STUDY MATERIAL:

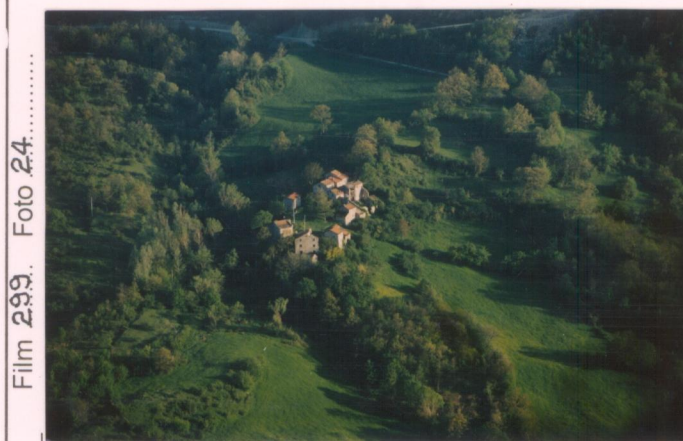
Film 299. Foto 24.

...

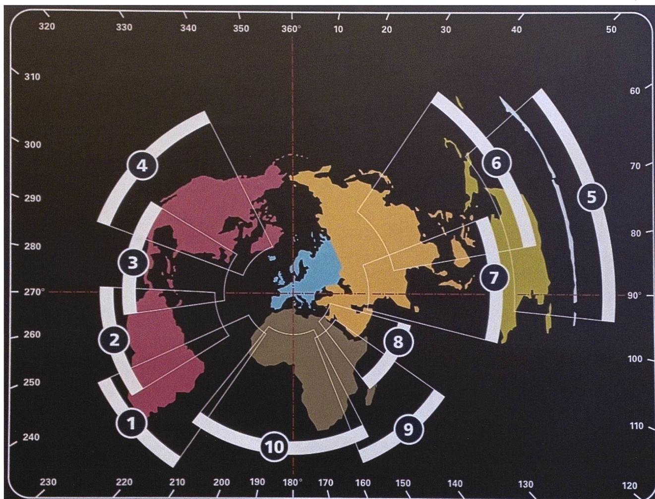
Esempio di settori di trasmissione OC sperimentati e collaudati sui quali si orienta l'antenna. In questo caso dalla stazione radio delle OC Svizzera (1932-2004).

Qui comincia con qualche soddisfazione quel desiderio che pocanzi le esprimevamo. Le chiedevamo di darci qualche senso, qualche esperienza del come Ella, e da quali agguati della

---

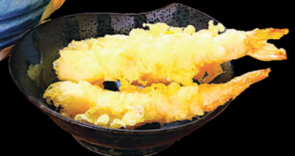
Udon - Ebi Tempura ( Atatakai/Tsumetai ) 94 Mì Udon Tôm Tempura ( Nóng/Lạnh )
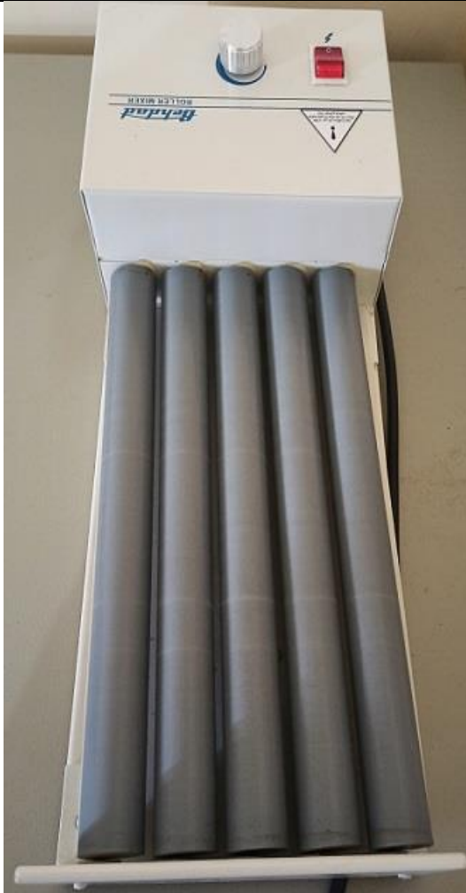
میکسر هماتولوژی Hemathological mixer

TASK ITEM: In the listing above, find the line containing "Udon - Ebi Tempura" and the line containing "میکسر هماتولوژی Hemathological mixer"; print those lines and every line between them exactly, leaving out pictures.

ANSWER SECTION:
Udon - Ebi Tempura ( Atatakai/Tsumetai ) 94 Mì Udon Tôm Tempura ( Nóng/Lạnh )
میکسر هماتولوژی Hemathological mixer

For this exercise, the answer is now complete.